I watch a video where Amsoil Saber Professional burned clean and Stihl HP Ultra had carbon build up where it wouldn't run
Anyone use Amsoil Saber Professional
I am ready to break my new motor in.
I think I see why now. 100 to 1 oil mix so you have no carbon . If you run 15 to 1 with this oil I would bet there is carbon build up.
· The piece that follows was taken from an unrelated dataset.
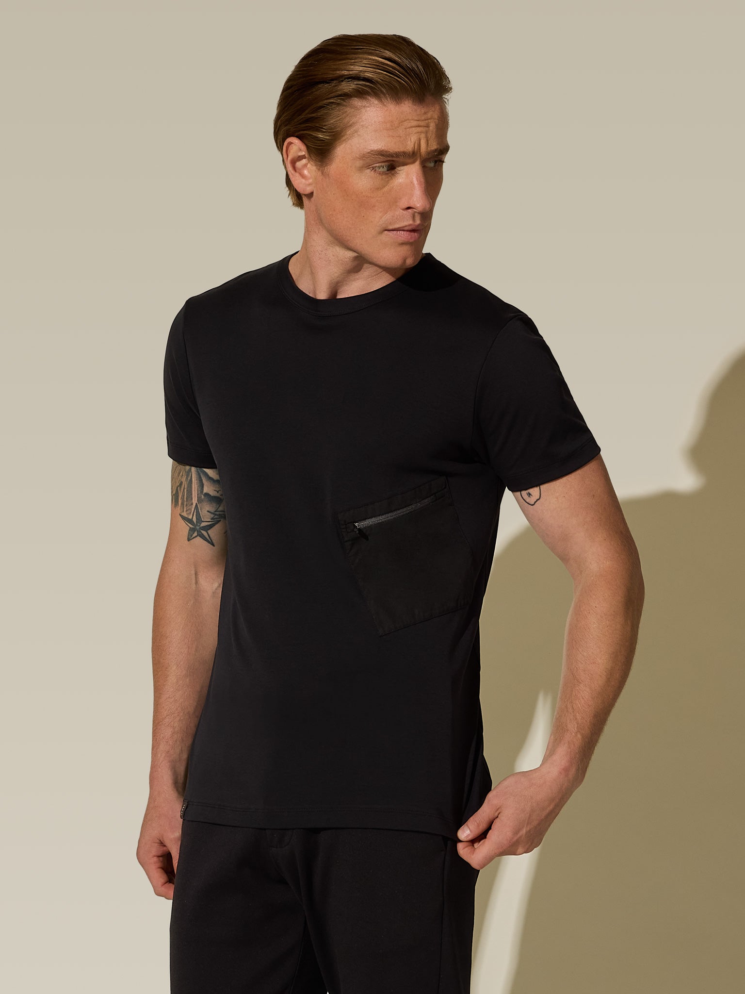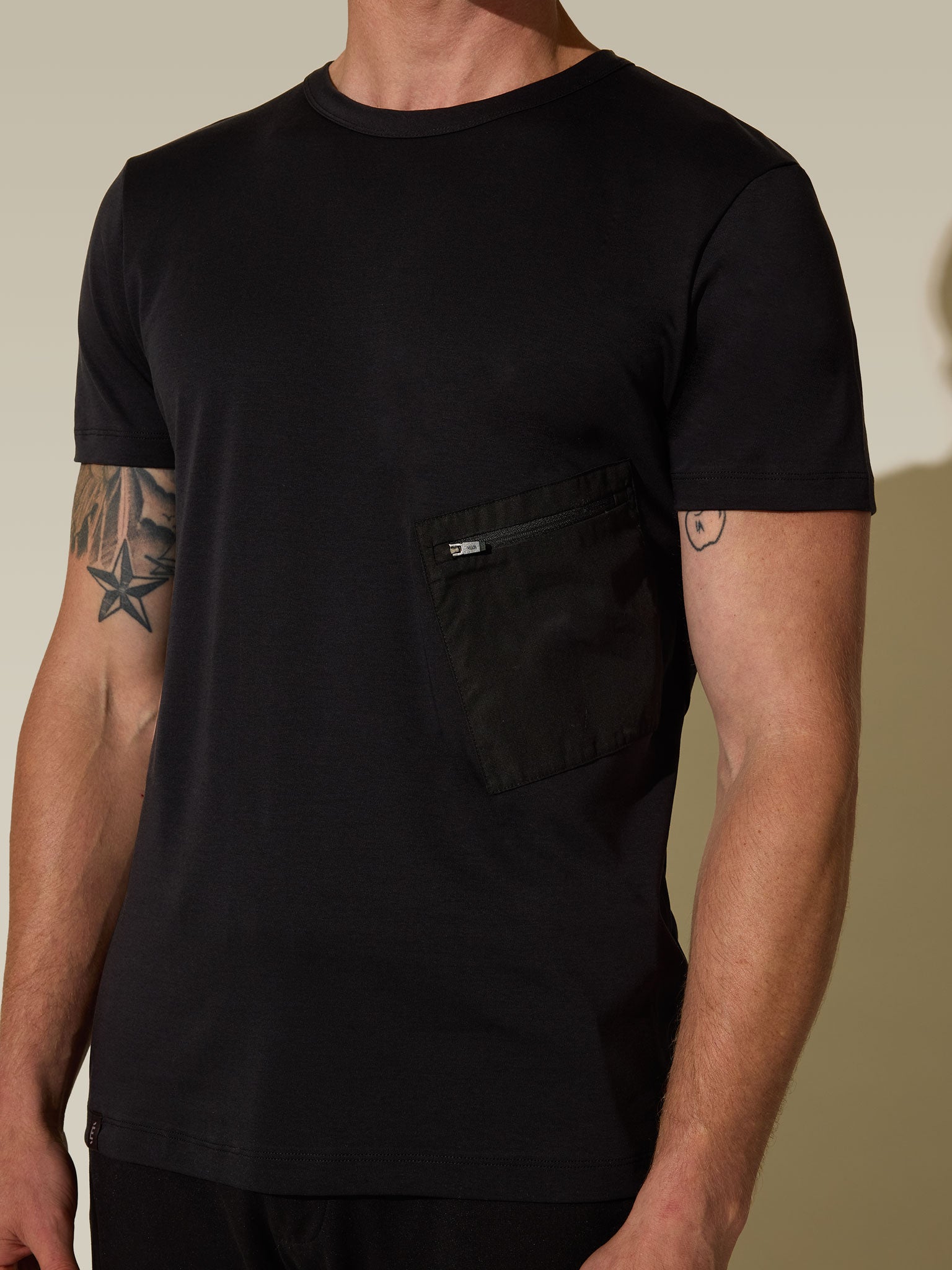 The Émigré One Pocket Travel Tee is crafted with 100% GOTS certified organic cotton. Featuring natural stretch, engineered side seams, and a cotton patch pocket with zipper closure to keep small items secure while on the move.

This is what it says to use in the saito manual
1. Fuel ●The fuel is mixture of commercial regular gasoline and reliable oil for 2-stroke engines. ●[Example of oil recommendation] ・ Klotz KL-200 Original Techniplate ・ Morgans Cool Power 'Blue' Synthetic Lubricant etc. ●Be sure to use the mixture “gasoline : oil =15~20 : 1” by volume ratio. (Ex. 1000ml of gasoline should be mixed with more than 50ml of oil ). ●In Break-in process, use 15:1 mixed fuel to ensure the best lubrication for initial run. ●Any damage caused by the fuel used, in which the oil ratio is lower than 20:1 ratio, is not warranted. ●Do not use gasoline ethanol mixed. It may cause not only power loss but also corrosion inside the engine.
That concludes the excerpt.